A corpse even gets her hair done before the undertaker closes the lid.

Not Bethany.

Tears welled in the corners of her eyes as she stared aghast in the bathroom mirror.

Early gray peeked from above the hairline like a perverted Peeping Tom looking into affluent housewives’ windows. Black roots sprouted from both sides of her scalp above the ears. The style her hairdresser called beachy-blondie now looked like a bubbly art gallery print of a colorful sunrise scribbled over by a limited four-year-old.

With Wynne downstairs home-schooling Ashley and Palmer, Bethany had time to work a wonder. Working wonders was what Bethany called any of her limited successes. That cake she baked last year for Ashley’s birthday when the peanut butter icing actually tasted like peanut butter instead of crap the way Palmer described it? That was Bethany working a wonder. The morning she helped Palmer find the bulk package he panicked about misplacing that he had to deliver by noon? There she goes again, Bethany working a wonder. Persuading Wynne to grow a moustache for a week so he looked like lead singer Freddy Mercury in that movie about the rock band Queen? Bethany, did you work another wonder. Yes, she did.

With beauty shops ordered closed until who knew when, Bethany would take her hair coloring into her own hands. You didn’t have to be a feminist to be a woman who could take care of herself.

The box of dye in the back of the cabinet, stored with a useless accumulation of cosmetic samples, make-up, facial creams, eye shadow and other health and beauty aids, would do the trick.

This was an emergency and Bethany was an accident that already happened.

Trim of figure and busty of breast, Bethany stood with her hands planted firmly on her hips. Struggling to exude confidence, she faced a terrible foe and started to tremble. Her dark roots looked like earth worms trying to surface after a punishing rain, pushing their way past blond strands that once blew softly in her face. If only she could relive those days when she brushed a soft golden lock from her eyes, batted long fake lashes sprinkled with glitter and fished for boys with the ease of a seasoned lobster fisherman pulling up traps in Maine.
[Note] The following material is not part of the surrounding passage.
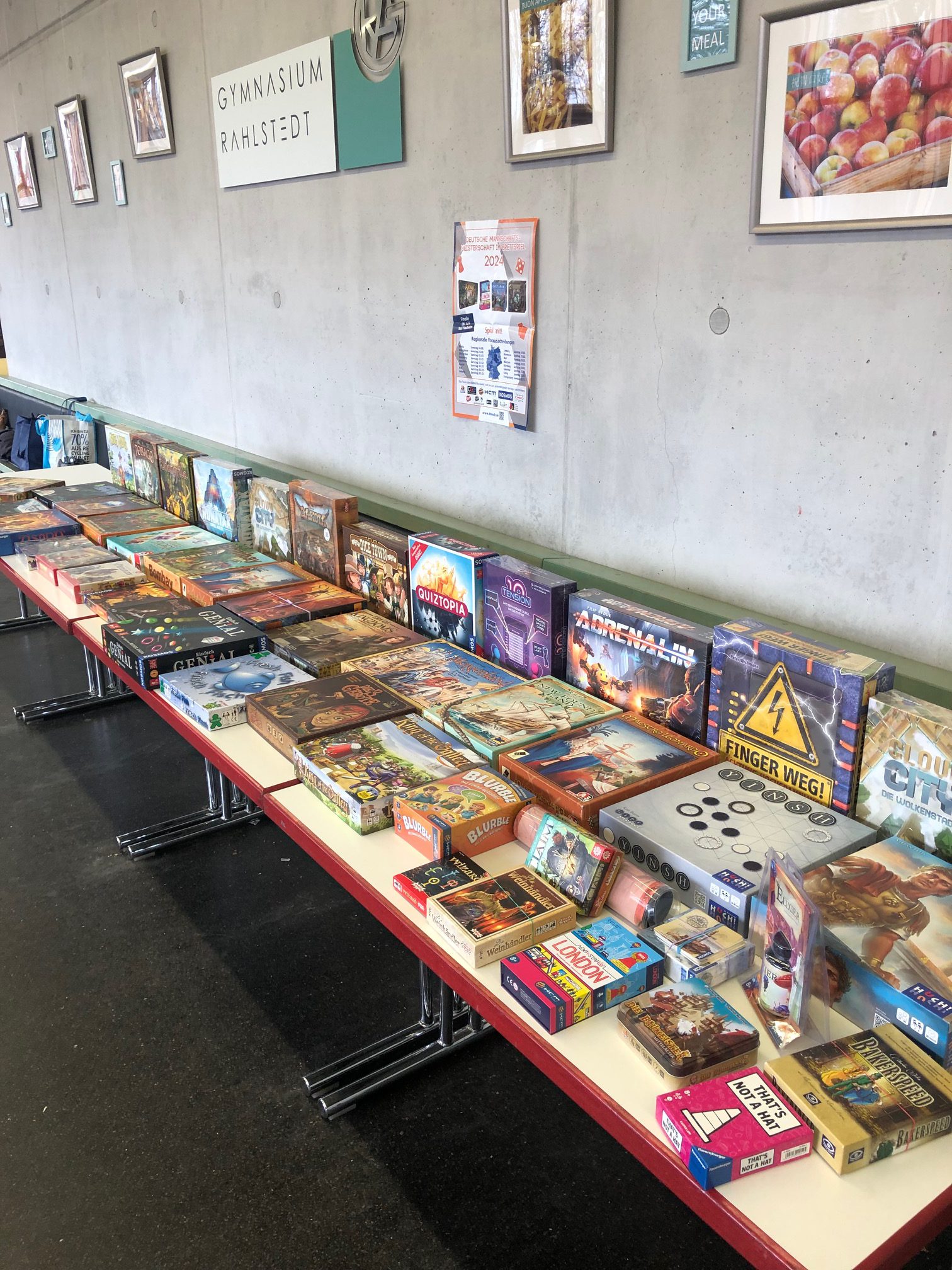 Eine Gruppe von acht Personen steht in einem Raum vor einer Wand mit dem Schild "GYMNASIUM RAHNSTEDT". Sie halten verschiedene Brettspiele in den Händen. Die Gruppe besteht aus Erwachsenen und Kindern, die unterschiedlichen Alters und Geschlechts sind. Im Hintergrund sind einige Bilder an der Wand zu sehen. Die Atmosphäre wirkt freundlich und einladend.
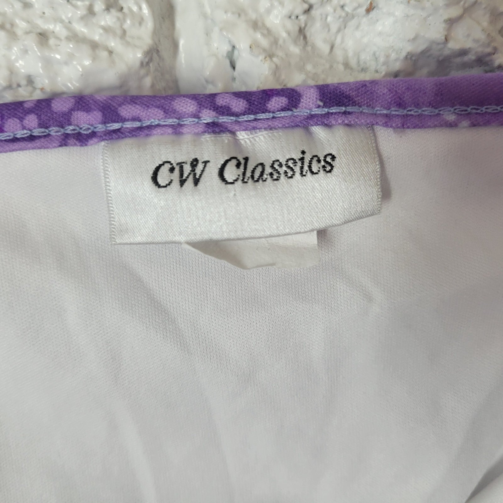 The CW Classics Women's Top in size 2X Plus features a stylish purple floral pattern, wide straps, and a square neckline. Made of lightweight polyester material, this casual top is perfect for travel and everyday wear. With a pullover closure and regular fit, this sleeveless top offers comfort and stretch for all seasons. Machine washable and in a basic style, the CW Classics top is a versatile addition to any woman's wardrobe.

That’s how she hooked Wynne. One look at the thin platinum tresses splayed across the tops of her tanned bouncy boobs, he went wobbly with desire. Now Bethany’s hair looked like desert tumbleweed blowing across an Arizona highway at the opening of a serial killer movie.

Every country club wife got her hair done at least once every two weeks. How could a girl live without a touch-up, as essential to life, liberty and the pursuit of happiness as voting Republican in the next presidential election? If America truly stood tall as the land of milk conditioner and honey shampoo, how dare those liberals hold her hair hostage? Politically correct snowflakes shut down the economy to deprive women of their God-given right to look good. If that wasn’t sexism Bethany didn’t know what was.

Beauty delayed is beauty denied.

Enough was enough.

Like a Minuteman during the Revolutionary War, the time had come for Bethany to pick up a musket. In this case, firing the shot heard round the world occurred when she tore open the boxed dye (no need to read the instructions, I mean, how hard can it be?) and poured the contents into a baking bowl. Mixing the dye and hot water from the tea kettle with a spoon Wynne used to mix his protein powder in the morning, she watched the pigment turn as brilliant yellow as the thick dairy butter she lathered on her breakfast pancakes at the shore.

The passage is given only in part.